Sticking to the more well-known names will remedy the concerns that accompany unfamiliarity, and over time this will subside as more confidence is built in the service.
When it comes to the currency I ultimately chose to invest in USD denominated funds based in Ireland. Hong Kong's dollar is pegged to USD which reduces exposure to conversion rate changes, and the fund domicile allows me to avoid the 30% dividend tax as a non US-resident.
I'm still exposed to the USD:GBP conversion rate but my opinion is that this is a stable enough currency pair that any fluctuations will not matter in the long run - plus the trend does seem to be in favour of USD on the long term charts.
Final Scribbles (The Benefits)
At time of writing I've now been an expat for just over 18 months and have loved every moment of it.

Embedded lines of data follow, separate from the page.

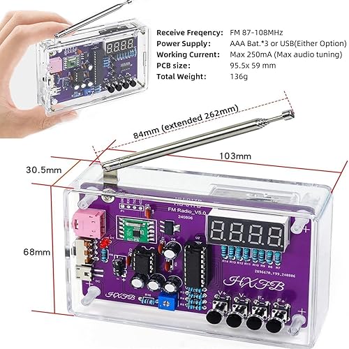 FM-Radio-Set, Löt-Übungs-Kits, elektronisches Projekt-Set, FM 87–108 MHz mit 2 Leistungsmodi EK1989, Löten Lernen und Unterrichten für Anfänger, Erwachsene, Kinder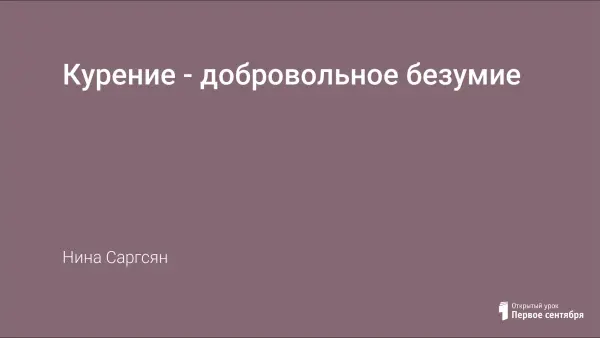 Урок раскрывает проблемы, связанные с отрицательным воздействием курения на организм человека.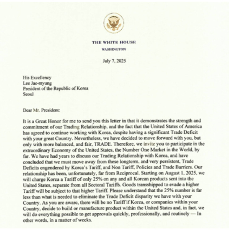 0708 트럼프, 이재명 대통령에 공개서한…"8월 1일부터 韓에 25% 관세"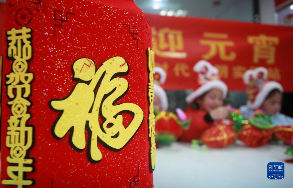 2月14日,在江蘇省揚(yáng)州市邗江區(qū)竹西街道安平社區(qū),小朋友們?cè)谥谱骰簟?/p>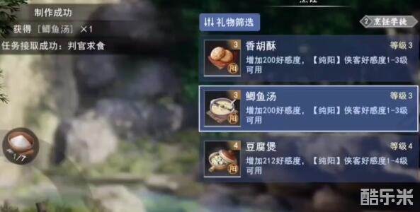 3、我们需要现场做一份鲫鱼汤,或者是找升云阁的厨娘帮我们玩家做一份,如图所示。

I feel I've grown as a person and have experienced life in ways I wouldn't have been able to had I simply stayed in London, or anywhere else in the UK.
Despite all the fears - financially and non-financially - I'm really glad I made this move and can see myself living here for at least another couple of years.
The one sad thing so far is my inability to visit home - but this hasn't been caused by a financial barrier.
With all the other fears subsiding slowly but surely here's a quick list of the benefits I've been able to enjoy since my move:
My remote working arrangement still stands and has allowed me to stay employed right the way through my move.
I pay much, much lower tax.
I still get paid in GBP which has luckily strengthened against the Hong Kong dollar in recent times.
My emergency fund remains untouched, and eventually I reduced it after my confidence grew.
My stocks and shares ISA back in the UK has continued to grow over time, giving me some really healthy returns.
My investments in Hong Kong are completely tax free and provided I stay abroad for at least 5 years, there'll be no liabilities if I ever go back to the UK.
And the most important benefit since my move: I found love and got engaged!
But I suppose this now leads to a new financial fear - the costs of a foreign wedding.